Collected data: Begin
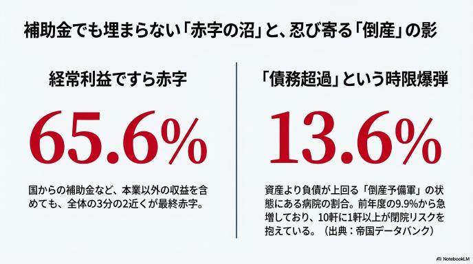 さらに深刻なのは、資産よりも負債が上回る「債務超過」の状態にある病院が13.6%に上ることです。前年度の9.9%から急増しており、10軒に1軒以上の病院が、いつ資金ショートを起こして閉院してもおかしくない「倒産リスク」を抱えて運営を続けています。
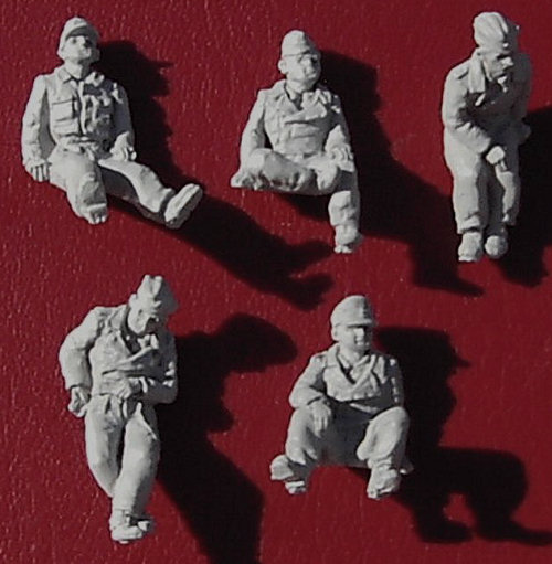 1. Packaging: Plastic bag with zipper 2. Type One piece metal figures, 1/76. 3. Quality: This set has some nice poses and is well sculpted, although the anatomy of the faces is open to conjecture (I like them, some find them dwarfish) Five full figures are included, all reclining or sitting somewhere on a tank. 4 are wearing the black uniform, while the fifth is wearing a two piece denim. The setting possibilities are endless, but I found that they would sit perfectly on a StuG. Apart from that, I'll let the figures speak for themselves. Nice and a bit off the beaten track. Useful for any 1/72 or 1/76 scale diorama depicting a relaxed summer scene. My set had a bit more flash than usual for AB.
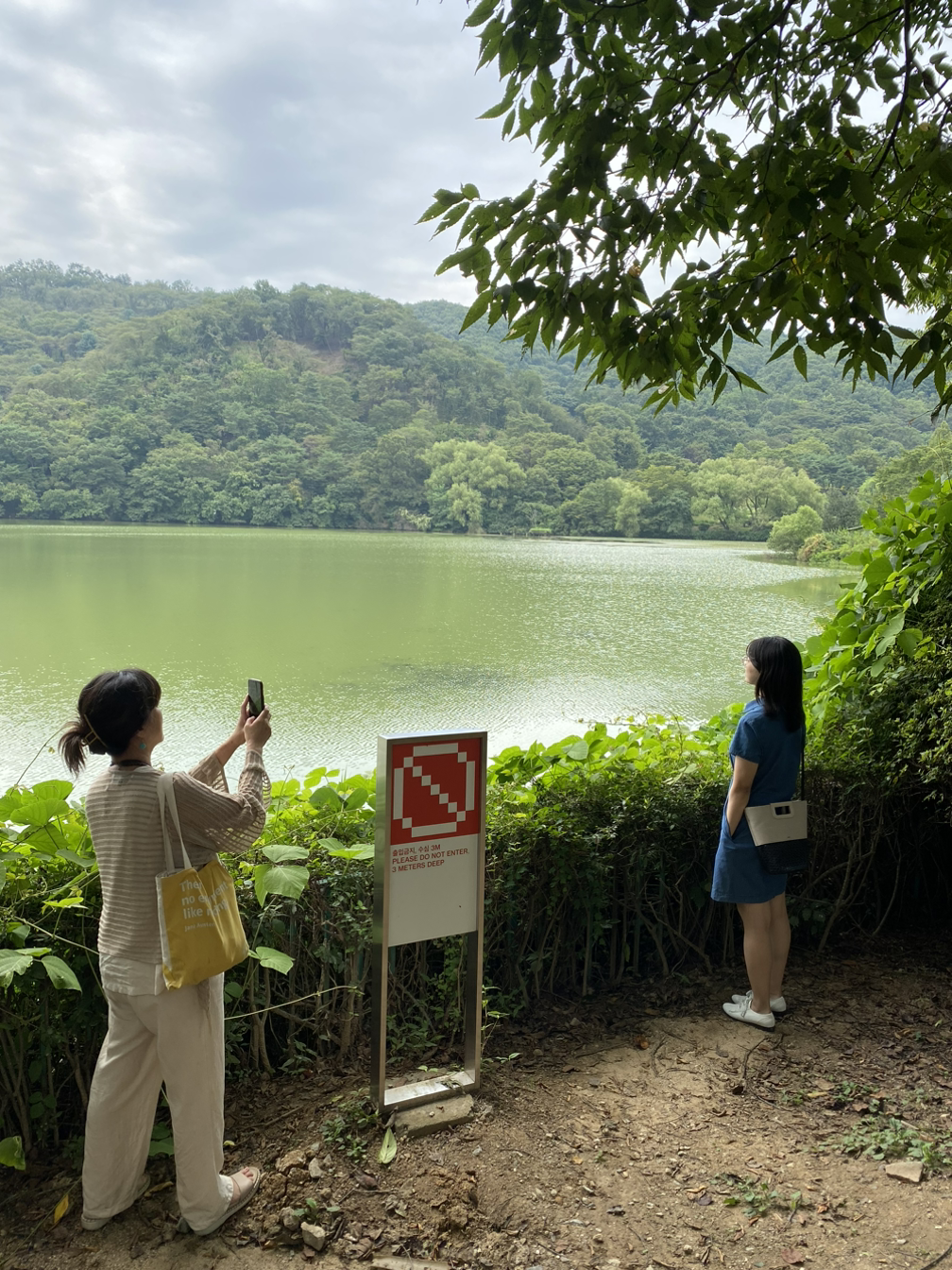 정자에 들어가지 못해 아쉬웠지만, 정자에 앉았다면 연못의 연꽃과 멀리 산, 저수지를 볼 수 있었겠지. 물가의 산책로가 호젓하니 좋다. 동네 주민들은 미술관이 아니라 공원으로 놀러온다지. 정원은, 이런 정원은 공공 서비스라고 함께 간 C님이 말했다. 인생샷 찍어준다고 계속 나를 쫓는 L님을 나도 찍어본다. 아름다운 사람을 피사체로 만났더니 내가 괜찮은 찍사 마냥 신났다.
Collected data: End
Requirement >> Omitting all images, print the listing exactly.

Result of this task >>
 さらに深刻なのは、資産よりも負債が上回る「債務超過」の状態にある病院が13.6%に上ることです。前年度の9.9%から急増しており、10軒に1軒以上の病院が、いつ資金ショートを起こして閉院してもおかしくない「倒産リスク」を抱えて運営を続けています。
 1. Packaging: Plastic bag with zipper 2. Type One piece metal figures, 1/76. 3. Quality: This set has some nice poses and is well sculpted, although the anatomy of the faces is open to conjecture (I like them, some find them dwarfish) Five full figures are included, all reclining or sitting somewhere on a tank. 4 are wearing the black uniform, while the fifth is wearing a two piece denim. The setting possibilities are endless, but I found that they would sit perfectly on a StuG. Apart from that, I'll let the figures speak for themselves. Nice and a bit off the beaten track. Useful for any 1/72 or 1/76 scale diorama depicting a relaxed summer scene. My set had a bit more flash than usual for AB.
 정자에 들어가지 못해 아쉬웠지만, 정자에 앉았다면 연못의 연꽃과 멀리 산, 저수지를 볼 수 있었겠지. 물가의 산책로가 호젓하니 좋다. 동네 주민들은 미술관이 아니라 공원으로 놀러온다지. 정원은, 이런 정원은 공공 서비스라고 함께 간 C님이 말했다. 인생샷 찍어준다고 계속 나를 쫓는 L님을 나도 찍어본다. 아름다운 사람을 피사체로 만났더니 내가 괜찮은 찍사 마냥 신났다.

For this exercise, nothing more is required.